Step#2 - JRT by Malwarebytes
1. Download Junkware Removal Tool to your desktop.
2. Run the tool by double-clicking it. If you are using Windows Vista, 7, or 8; instead of double-clicking, right-mouse click JRT.exe and select "Run as Administrator".
3. The tool will open. Press any key at the Disclaimer screen and the program will create a restore point and then start scanning your system.
4. Please be patient as this can take a while to complete depending on your system's specifications.
5. On completion, a log (JRT.txt) is saved to your desktop and will automatically open.
6. Close the text file and reboot your machine.
7. Post the contents of JRT.txt into your next message.

 

Step#3 - AdWCleaner
1. Please download AdwCleaner by Xplode onto your desktop.
2. Close all open programs and internet browsers.
3. Right-click on AdwCleaner.exe and select Run as administrator to run the tool. Click I agree if you agree with the terms of use.
4. Click on Scan.
5. After the scan is complete, if you get a message that states "AdwCleaner found no malicious program on your computer!" then you can click OK and then click the Logfile button. Notepad will open with some information. Copy/Paste this into your next reply. No need to continue with the rest of the steps for AdwCleaner.
6. If you don't get that message then click on "Clean"
7. Confirm each time with Ok.
8. Your computer will be rebooted automatically. A text file will open after the restart.
9. Please post the content of that logfile with your next answer.
10. If need be, you can also find the logfile at C:\Program Files (x86)\AdwCleaner\AdwCleaner[C1].txt as well.

 

Step#4 - FRST Fix
NOTICE: This script was written specifically for this user, for use on that particular machine.
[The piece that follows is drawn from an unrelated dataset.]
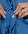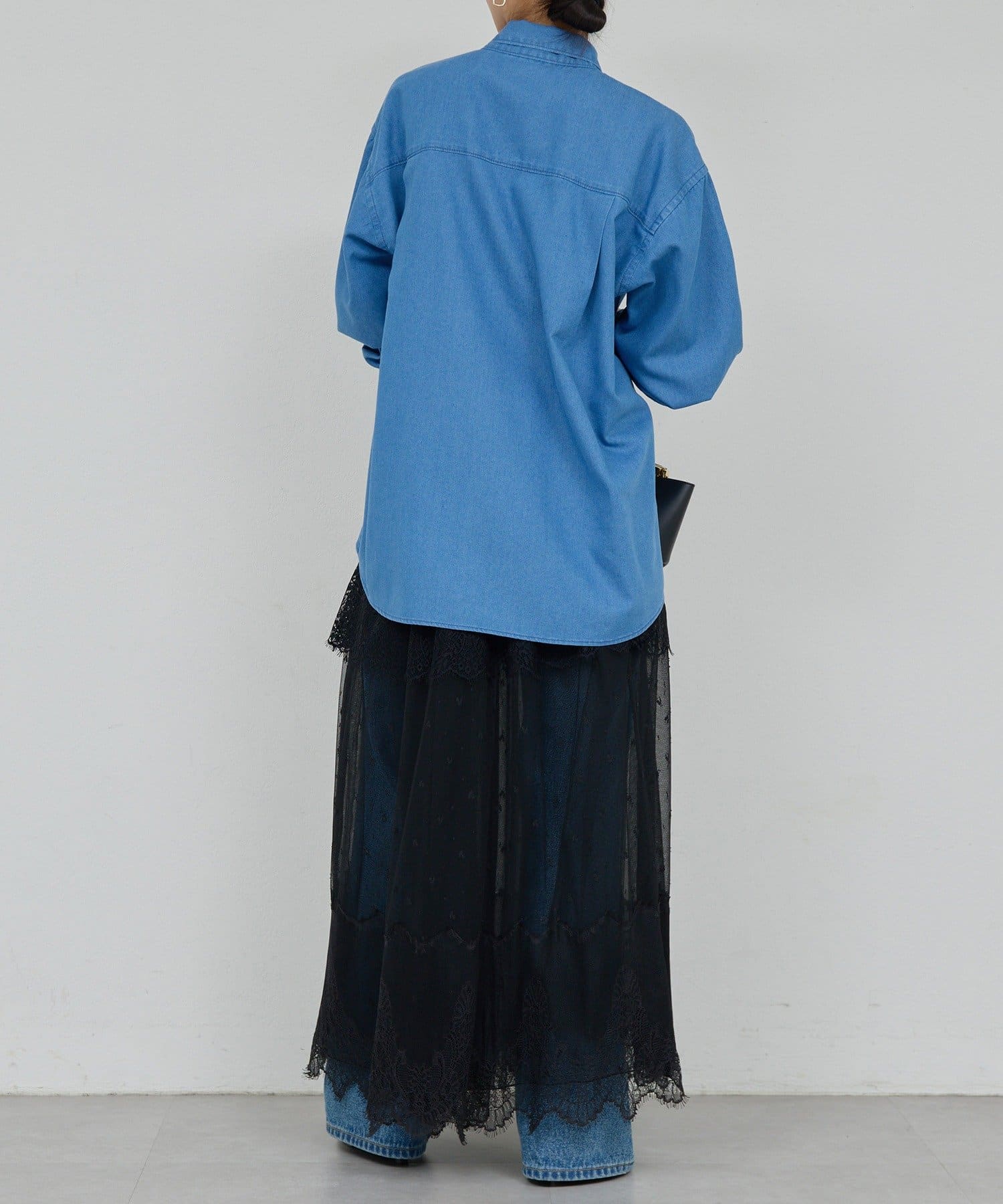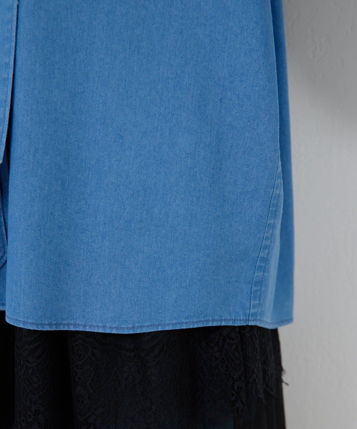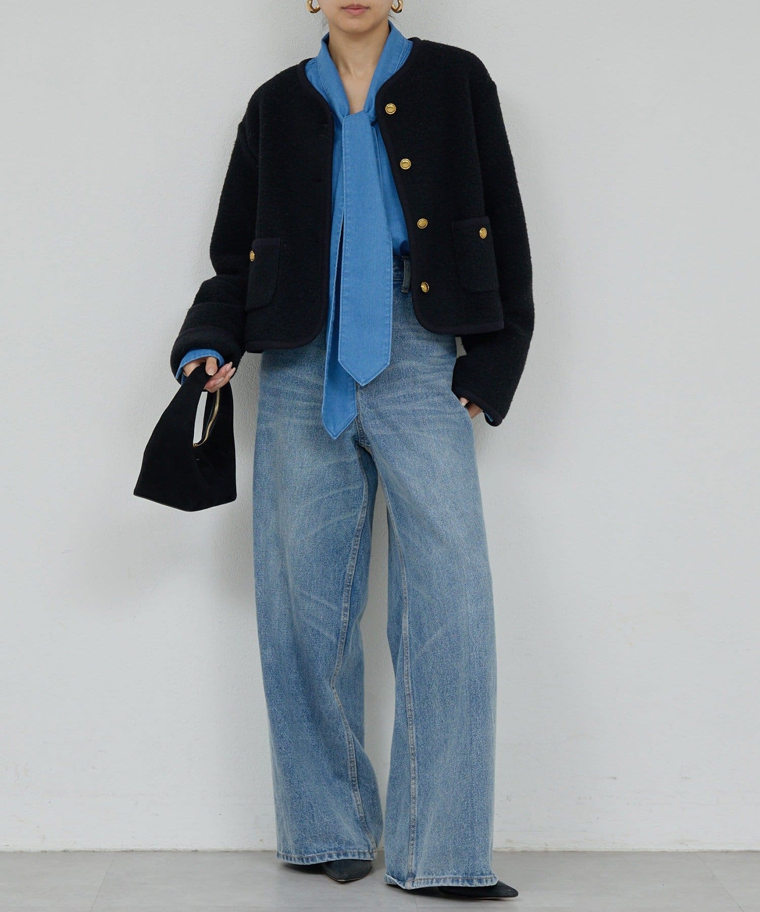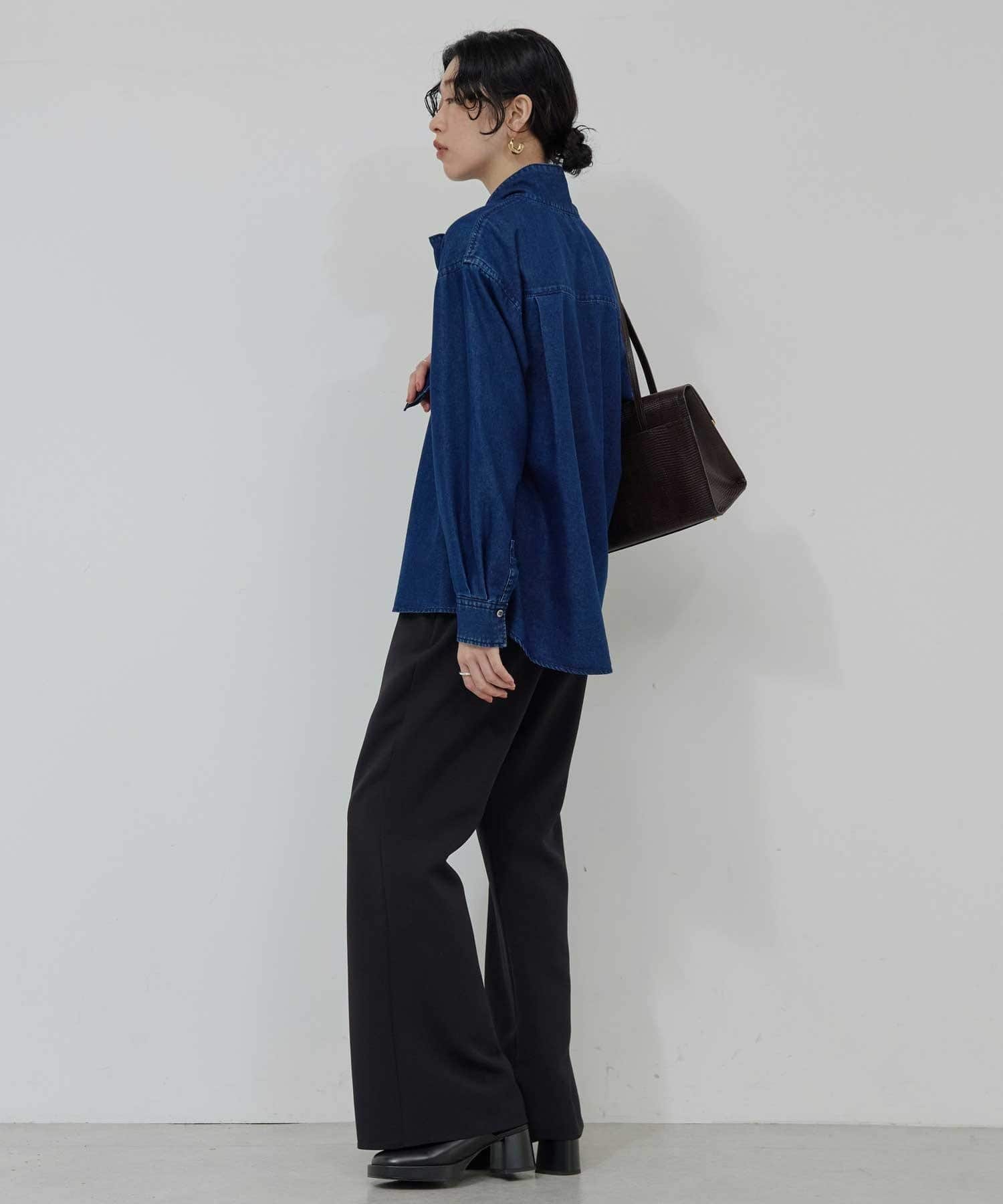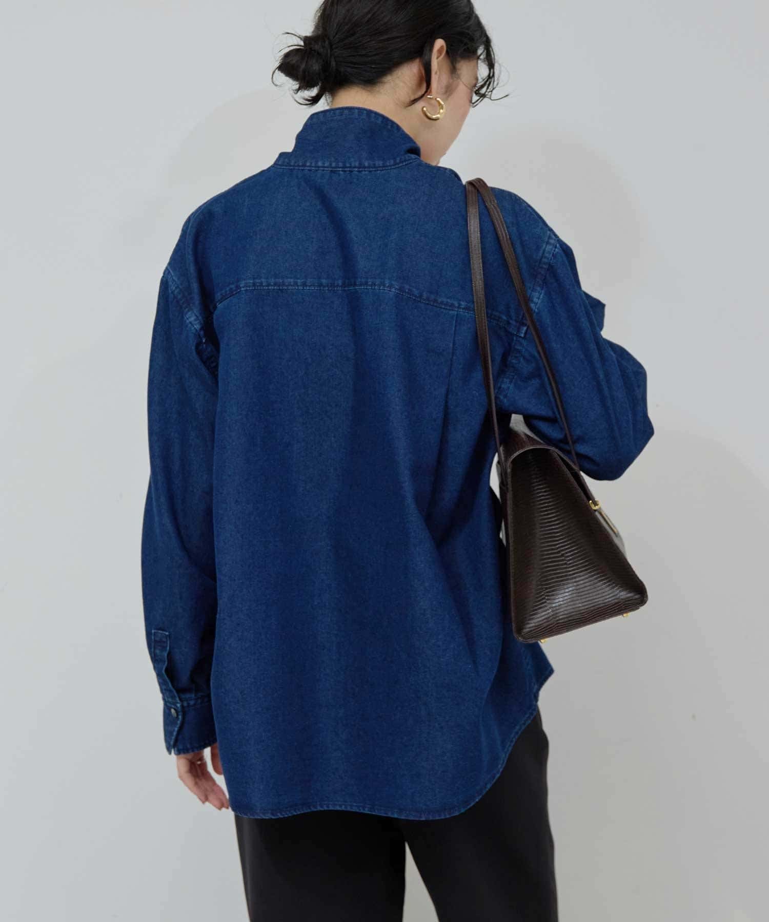 ●カジュアル過ぎず上品見えするデニム素材のボウタイブラウス。

Running this on another machine may cause damage to your operating system
1. Download attached file and save it to the Desktop.  fixlist.txt   32.68KB   227 downloads
Note. It's important that both files, FRST64 and fixlist.txt are in the same location or the fix will not work (in this case...the desktop).
2. Run FRST64 by Right-Clicking on the file and choosing Run as administrator.
3. Press the Fix button just once and wait. If for some reason the tool needs a restart, please make sure you let the system restart normally. After that let the tool complete its run.
4. When finished FRST64 will generate a log on the Desktop (Fixlog.txt). Please post the contents of it in your reply.

 

Items for your next post

1. Junkware log

2. Adware Cleaner log

3. FRST log

[BrianDrab]

Due to lack of feedback, this topic has been closed.

If you need this topic reopened, please contact a staff member. This applies only to the original topic starter. Everyone else please begin a New Topic.